The plaintiff, United Technologies Corporation/Sikorsky Aircraft Division, of Stratford, has sued the defendant, Prostaff, Inc., an Ohio corporation, with its place of business CT Page 5723 in Alabama, for an alleged breach of contract.
This action arises out of a motor vehicle accident on August 31, 1987 in Bridgeport, involving a John Ciapetta and an S.D. Jeffries, an employee of the defendant, Prostaff, who was driving a truck owned by Ryder Truck Rental, Inc. (Ryder), which was leased to the plaintiff. Ciapetta sued both the driver and Ryder, and the plaintiff states that it is obliged to hold Ryder harmless in connection with any claims involving one of its trucks that had been leased to the plaintiff.
The plaintiff alleges that in turn its contract with the defendant requires Prostaff to indemnify and hold it harmless from any claim arising out of an accident involving one of defendant's drivers, while in the course of transporting plaintiff's goods and materials. The plaintiff claims that Prostaff refuses to comply with this provision of the contract.
Defendant filed a motion to dismiss for lack of subject matter jurisdiction (#103), which was granted on April 13, 1992, in the absence of plaintiff's counsel, who subsequently stated that it had been "agreed" that defendant's motion could be marked "off" on that date. After considering plaintiff's motion to reargue (#131), the court on May 11, 1992 vacated its original decision dismissing the action.

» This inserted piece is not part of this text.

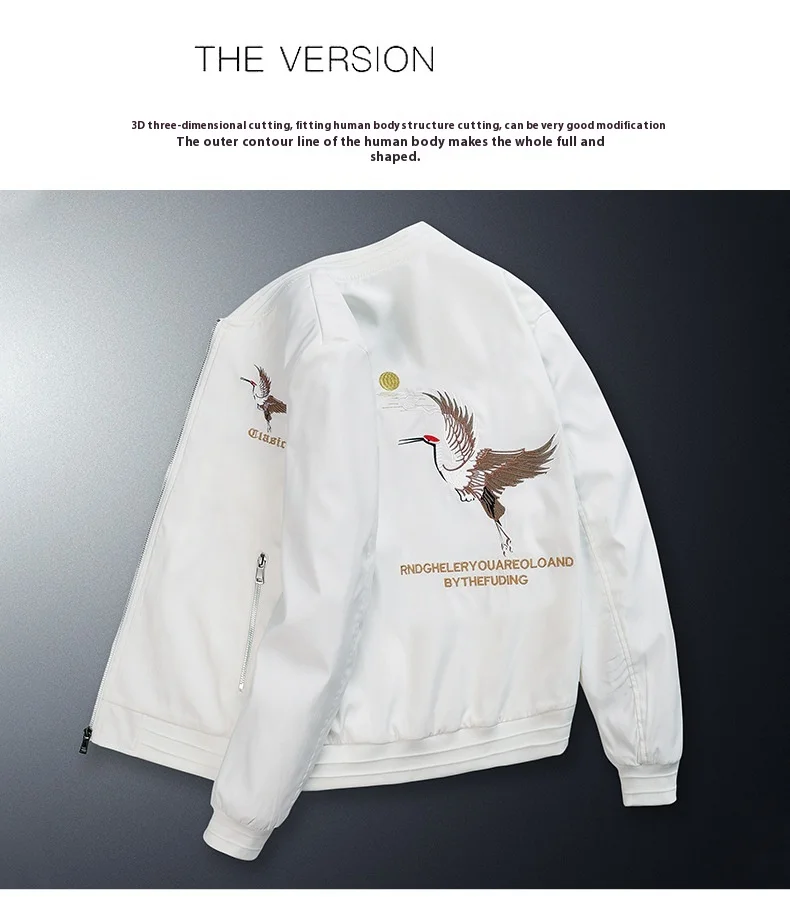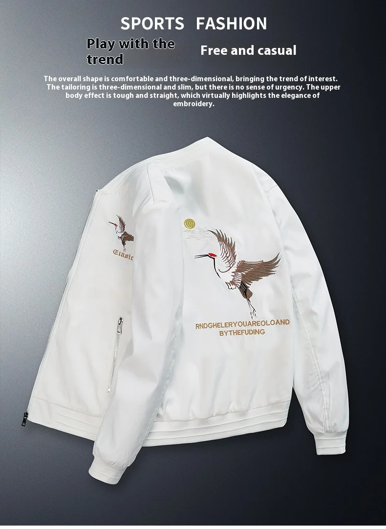 Autumn Winter Men’s Embroidered Velvet Baseball Jacket Stand Collar Youth Chinese Fashion Casual Clothing Hip Hop Varsity Warm

After restudying the motion to dismiss, it is denied on the basis that the contract between plaintiff and defendant, although negotiated and entered into in Alabama, was to be performed in part in Connecticut. The defendant's affiant summarizes this issue of performance by indicating that "the transportation provided for in the contract consists of transporting helicopter parts which were made in Alabama to Connecticut and transporting raw material back." Thus the drivers supplied by the defendant performed the contract in question by delivering material to Stratford and by picking up material in this state to take to Alabama. It follows, in my opinion, that this contract was intended to be and was performed in part in Connecticut.
General Statutes 33-411c(1), our so-called long-arm statute, provides that a foreign corporation, such as the defendant Prostaff, is subject to suit in this state for a cause of action arising out of a contract "to be performed in this state." As indicated previously, I believe that the contract between these parties was performed in this state when the defendant's drivers drove on the highways of Connecticut in furtherance of Prostaff's contract to supply drivers to the plaintiff to transport goods between Alabama and this state. Thus, the long-arm statute authorizes exercise of this court's jurisdiction under the facts of this case. CT Page 5724
It has long been recognized, when considering subjecting foreign corporations to the jurisdiction of this state, that in addition to reviewing the statutory basis as embodied in the long-arm statute, it is also necessary to determine whether traditional notions of fair play, as embodied in the due process clause of the 14th Amendment to the United States Constitution, are offended by the exercise of this state's jurisdiction.
Our landmark case in this area is Lombard Brothers, Inc. v. General Asset Management Company, 190 Conn. 245, 250,460 A.2d 481 (1983), which holds that subjecting defendant Prostaff to the jurisdiction of our Connecticut courts involves whether the defendant had sufficient "minimum contacts" with this state. This in turn requires consideration of whether the defendant could with reasonable certainty, anticipate or expect that it would be subject to Connecticut's jurisdiction if its drivers had a motor vehicle accident in this state.
"The twin touchstones of due process analysis under the minimal contacts doctrine are foreseeability and fairness." United States Trust Co. v. Bohart, 197 Conn. 34, 41, 495 A.2d 1034 (1985). I think that Prostaff could reasonably anticipate being subject to this state's jurisdiction when it dispatched its drivers to go to and from Stratford pursuant to its contract with the plaintiff. As said in Hanson v. Denckla, 357 U.S. 235, 25, 78 S.Ct. 1228,2 L.Ed.2d 1283 (1958), the defendant "purposefully avail[ed] itself of the privilege of conducting activities within [Connecticut]," and therefore it is not unfair for the defendant to be subjected to the jurisdiction of this court.
Therefore, the defendant's motion to dismiss is denied.